R1 vs. Miami Heat: 4 games, 15.3 points, 9.8 assists, 6.8 rebounds, 48.1 FG%, 20.0 3P%
R2 vs. Brooklyn Nets: 7 games, 15.1 points, 6.4 assists, 5.3 rebounds, 36.1 FG%, 26.1 3P%
R3 vs. Atlanta Hawks: 6 games, 22.0 points, 10.0 assists, 5.0 rebounds, 46.4 FG%, 37.0 3P%
Holiday was improving over the course of the playoffs, especially from the perimeter. He admittedly got a boost in opportunities with Giannis Antetokounmpo sidelined during the East Finals vs. the Hawks, but the Greek Freak has returned and looks healthy through two games. It’s also clear he needs help if Milwaukee wants to turn things around and Holiday’s offensive game is the first step towards doing that.
This is a tough situation for Milwaukee. Holiday needs to continue to be aggressive. He took four shots in the first quarter of Game 1, missing all of them. The point guard followed that up by going 3-9 in the first quarter of Game 2. That’s better, but still not great. After that quarter, he proceeded to go 0-5 in the following frame. So if it’s not his aggressive nature that needs to be changed, what does?
Based on basketball-reference.com’s shot charts, Holiday took nine of his 14 shots from what many would consider midrange and beyond. He had two makes. The Bucks wanted him to go away from that in Game 2 and he somewhat did, taking eight of his 21 attempts from midrange and beyond. Again, Holiday only made two shots.
Holiday took five shots inside the paint in Game 1. He took 13 in Game 2. The guard went 2-5 in Game 1 and 5-13 in Game 2 from the paint area. While those percentages are not great, they are far superior to his midrange and perimeter ones from the same contests.
Another problem is Holiday’s lack of free throws. He’s only averaging 2.6 attempts per game for the postseason. That number has climbed to 3.8 since Game 4 of the Eastern conference finals, but it can go up much higher. If Holiday cuts out his midrange shots and pushes the ball to the basket more often, he’ll be able to get more attempts at the line and help the Bucks that way. Holiday is struggling from the line in the playoffs, but he was a 78 percent shooter in the regular season.
Shot quality is the easiest way for Holiday to be a net positive offensively, but another issue is his role in the offense. The Bucks like to have Antetokounmpo handle the ball as much as possible for obvious reasons, but that puts Holiday in the uncomfortable position of being an outlet shooter too often. Expect Milwaukee to run more pick-and-roll action with Antetokounmpo or Brook Lopez acting as the roller for Holiday. This should lead to better matchups for the guard, which he can use to get to the basket or the free throw line instead of settling for jump shots.

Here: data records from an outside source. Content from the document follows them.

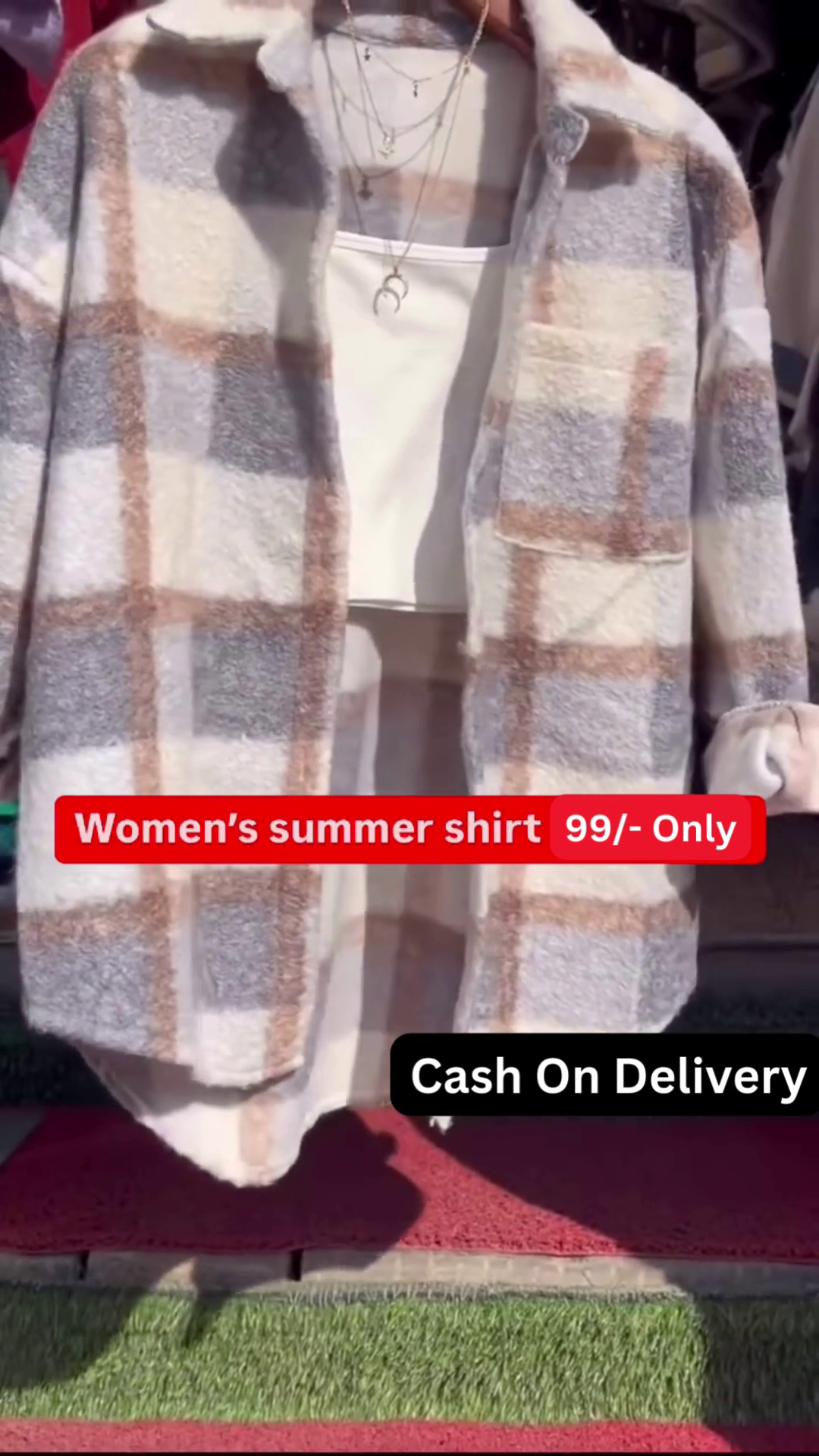 + Free ShippingThis image showcases a stylish layered women’s outfit, perfect for a relaxed yet fashionable look. The central piece is a soft, oversized plaid “shacket” – a garment that combines the style of a shirt with the warmth of a light jacket. The shacket features a muted color palette, blending shades of cream, light gray, and a subtle warm brown or taupe in a classic plaid pattern. The fabric appears to be a soft, possibly brushed texture, suggesting comfort and a cozy feel. The shacket is worn open, revealing a light-colored, possibly cream or off-white, square-neck top underneath. This layering adds dimension to the outfit and allows for versatility in different temperatures.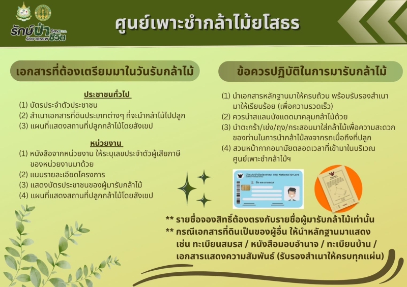 ขอเชิญผู้สนใจลงทะเบียนจองคิวรับต้นกล้าไม้ จากศูนย์เพาะชำกล้าไม้ยโสธร ตาม 3 ช่องทางข้างล่างนี้ได้เลย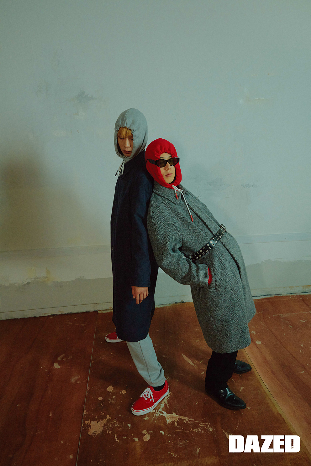 진혁이 입은 코트와 후디, 조거 팬츠는 모두 스튜디오 톰보이(Studio Tomboy), 양말과 스니커즈는 스타일리스트의 것.

The Suns are -500 to win the series at this point while the Bucks are +375, according to DraftKings Sportsbook. Game 3 is a must-win situation for Milwaukee as no team has come back from a 3-0 deficit ever. Holiday is one of the big keys offensively to Milwaukee winning the contest and ultimately getting back into the series. Will he be able to successfully adjust his style for Game 3?